Sabtu, 14 Mei 2011

Imajinasi


Saya kurang paham dengan apa yang menjadi kelebihan saya. Beberapa teman dekat menganggap saya orangnya angin-anginan. Sebentar senang hal baru, beberapw waktu kemudian beralih pada kesenangan yang lainnya.Moody.

Kebiasaan moody itu terbawa pada hari-hari saya, tapi tidak ketika saya menghadapi orang atau berkomunikasi. Kadang saya bangun dan masih bermalasan walaupun jam sudah menunjukkan pukul 08.30 atau pukul 09.00 WIB.Tubuh rasanya malas sekali untuk mandi, bahkan malas berangkat kerja.Mood saya baru tergerak ketika mendengarkan musik beberapa kali atau musik yang menghentak sampai saya benar-benar 'terbangun'. Sebaliknya, kalau sedang rajin, saya bisa menginap di kantor, bahkan sampai seminggu tidak pulang. Perlengkapan baju ganti dan mandi memang sengaja dipersiapkan.

Di kantor, saya juga selalu mengalami kendala konsentrasi ketika mengawali kerja. Biasanya setengah jam di awal atau lebih, dihabiskan untuk browsing hal-hal yang sifatnya fun dan tidak membuat stress. Baru setelah itu, saya bisa mulai mengerjakan hal-hal yang berhubungan dengan pekerjaan.

Waktu berkuliah atau bersekolah dulu, saya merasakan tidak pernah menjadi se-moody ini. Bahkan, dulu waktu sekolah, saya paling rajin datang dan pulang ke sekolah. Kuliah juga rajin-rajin juga. Kalaupun bolos, paling karena saya sedang ada kegiatan lain.

Mungkin, kondisi fisik saya (obesitas) tidak baik saat ini sehingga sering malas. Tapi saya juga berkesimpulan bahwa ini karena matinya imajinasi. Ya, imajinasi.

Itu yang menjadi kelebihan atau mungkin kekurangan saya. Saya suka berimajinasi. Makanya, saya senang membuat karya fiksi, walau waktunya kadang tidak ada.

Dalam bekerja, imajinasi saya seperti mati. Saya memang tidak bekerja di sebuah perusahaan swasta yang punya jam kerja dan aturan yang ketat. Saya bekerja di sebuah NGO yang mengandalkan pelaksanaan intervensi sosial. Merubah keadaan lebih baik. Tapi saya merasa imajinasi saya mati karena tekanan-tekanan dalam pekerjaan yang membuat keadaan tidak sadar saya muncul dan menyeruak di tengah kebosanan itu.

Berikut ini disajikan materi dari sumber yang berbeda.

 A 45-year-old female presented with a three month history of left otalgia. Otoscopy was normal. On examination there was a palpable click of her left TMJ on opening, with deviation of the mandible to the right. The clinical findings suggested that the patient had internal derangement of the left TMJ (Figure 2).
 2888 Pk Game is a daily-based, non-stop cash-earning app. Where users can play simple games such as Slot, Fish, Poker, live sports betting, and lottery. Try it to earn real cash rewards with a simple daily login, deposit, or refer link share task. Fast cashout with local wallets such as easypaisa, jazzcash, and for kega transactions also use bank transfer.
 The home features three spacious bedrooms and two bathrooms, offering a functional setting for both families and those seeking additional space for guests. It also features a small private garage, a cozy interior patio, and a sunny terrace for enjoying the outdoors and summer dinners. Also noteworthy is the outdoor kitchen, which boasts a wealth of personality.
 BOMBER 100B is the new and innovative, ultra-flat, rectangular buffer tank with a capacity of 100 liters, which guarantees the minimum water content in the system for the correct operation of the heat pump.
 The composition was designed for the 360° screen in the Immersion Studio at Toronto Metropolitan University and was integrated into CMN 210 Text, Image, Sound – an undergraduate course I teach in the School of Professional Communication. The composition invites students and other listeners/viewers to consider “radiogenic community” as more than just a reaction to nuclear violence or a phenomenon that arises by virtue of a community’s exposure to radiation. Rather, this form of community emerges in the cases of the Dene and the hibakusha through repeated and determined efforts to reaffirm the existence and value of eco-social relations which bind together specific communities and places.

Saya menemukan kebosanan mendalam dengan kata-kata. Saya merasa kata-kata terbaik adalah kata-kata yang keluar dari dalam diri sendiri. Suara hati, atau aspirasi.

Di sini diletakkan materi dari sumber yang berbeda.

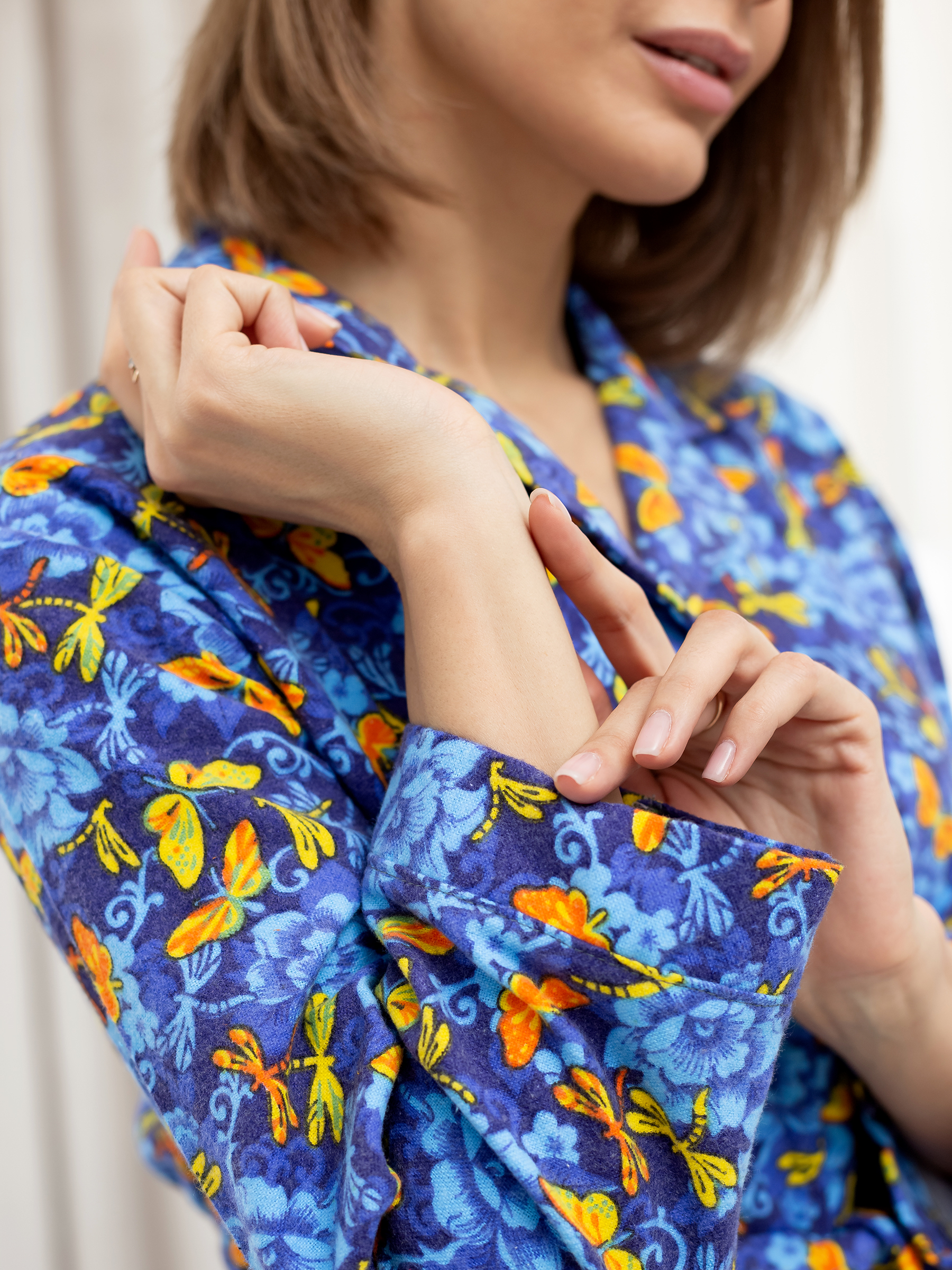 Халат байковый женский с длинным рукавом и накладными карманами на пуговицах.

Kata-kata di kantor itu sekarang layaknya seperti jargon. Saya lelah dicuci otak. Saya harus mengikuti penalaran dari lingkungan kerja saya, karena ini pakem yang biasa dilakukan. Padahal, saya biasa menulis apa yang ingin saya tulis, yang ingin saya goreskan sesuai penalaran saya.

Saya tidak bisa dibentuk. Saya mengerjakan sesuatu dengan passion atau gairah. Jika tidak ada gairah itu, tentunya saya menjadi ogah-ogahan. Dan semakin lama saya mengetahui sekeliling saya, saya semakin pesimis. Bahwa dunia tidak secerah yang kita lihat.

Tapi manusia adalah paradoks. Dalam kesuraman ini, saya butuh sebuah harapan dan kecerahan. Dan saya tidak melihat itu dalam pekerjaan saya. Saya semakin merasa pesimis, karena memang kenyataannya suram.

Imajinasi ini harus tumbuh kembali dan optimisme harus ditumbuhkan. Kalau terlalu pesimis, bisa habis dunia saya. Kalau terlalu optimis, saya lupa akan diri saya.

Ada hal yang saya harapkan bisa melingkupi imajinasi saya : keseimbangan. Karena saya mempercayai filsafat Timur mengenai keseimbangan.